Combining modalities: two experiments on multimodal NLP
Speaker: Benoit Sagot, Inria
Research Director at Inria, head of the ALPAGE (2014-2016) and ALMAnaCH (2017-) teams. Co-founder of the Verbatim Analysis (2009-) and opensquare (2016-) Inria start-ups.
The spread of neural networks within all subfields of Artificial Intelligence (AI), including Natural Language Processing (NLP), speech processing, computer vision, has drastically impacted how we can tackle multimodal tasks and has allowed for new unified approaches. In this talk, after a brief review of the ongoing paradigm shift, I will describe two recent works involving multimodality in relation to machine translation (MT), one involving speech and the other images. I will first present a new approach to zero-shot cross-modal transfer between speech and text for translation tasks, which relies on a modular architecture in which multilingual speech and text are encoded in a joint fixed-size representation space. Despite this bottleneck and no cross-modal labelled translation data being used during training, we achieve competitive results in all translation tasks. I will then present a novel approach to image-enhanced MT, also known as multimodal MT (MMT). Recent work has shown that obtaining improvements from images is challenging, limited not only by the difficulty of building effective cross-modal representations, but also by the lack of specific evaluation and training data. I will describe our novel approach to the task as well as our new contrastive multimodal translation evaluation dataset CoMMuTE, and will show that we obtain competitive results compared to strong text-only models on standard English-to-French, English-to-German and English-to-Czech benchmarks and outperform baselines and state-of-the-art MMT systems by a large margin on our contrastive test set. I will conclude with a few thoughts on the future of multimodal NLP in the context of a new generation of conversational agents.

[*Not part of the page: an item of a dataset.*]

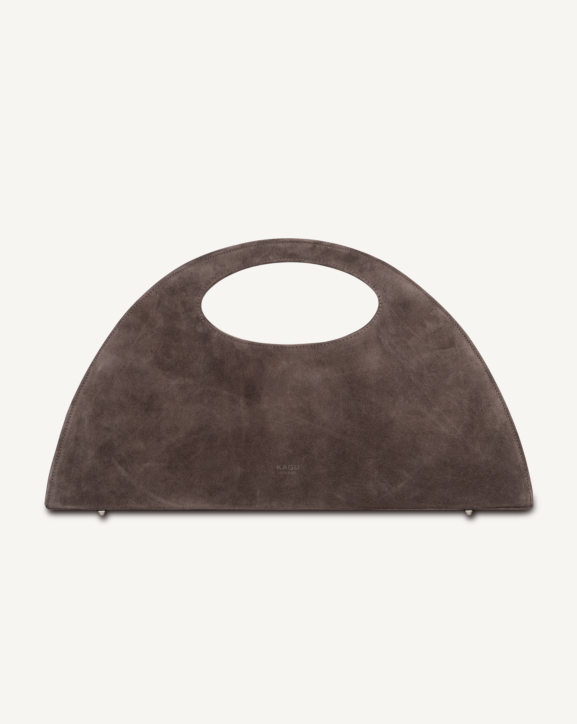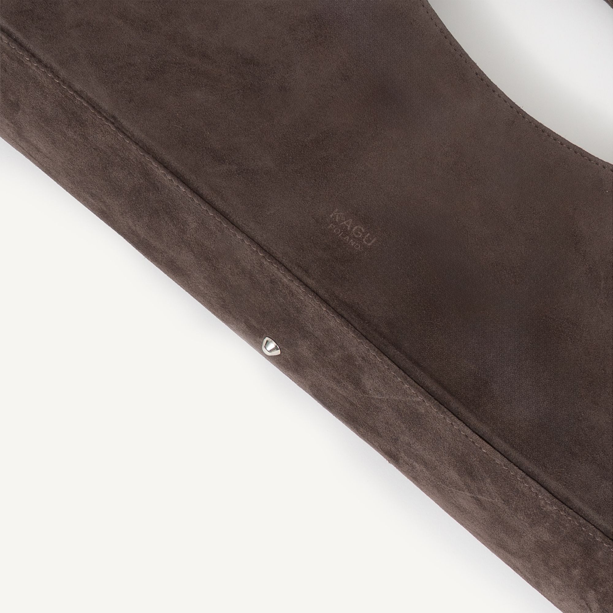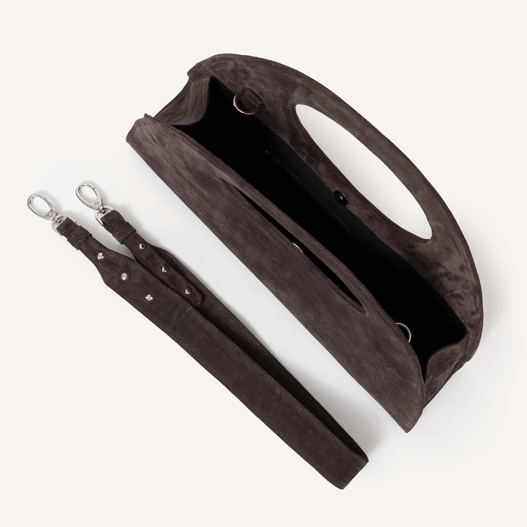 Torebka do ręki wykonana z brązowego zamszu. Główna komora zamykana na magnes, wewnątrz kieszonka wpuszczona w boczną krawędź torby. Logo tłoczone. W zestawie z paskiem.

The work on cross-modal MT between text and speech was carried out in collaboration with Paul-Ambroise Duquenne (META and Inria) and Holger Schwenk (META). The work on MMT was carried out in collaboration with Matthieu Futeral-Peter (Inria; PRAIRIE), Rachel Bawden (Inria; PRAIRIE), Ivan Laptev (Inria and ENS; PRAIRIE) and Cordelia Schmid (Inria and ENS; PRAIRIE). Both works are also carried out under the umbrella of my role as PRAIRIE chair.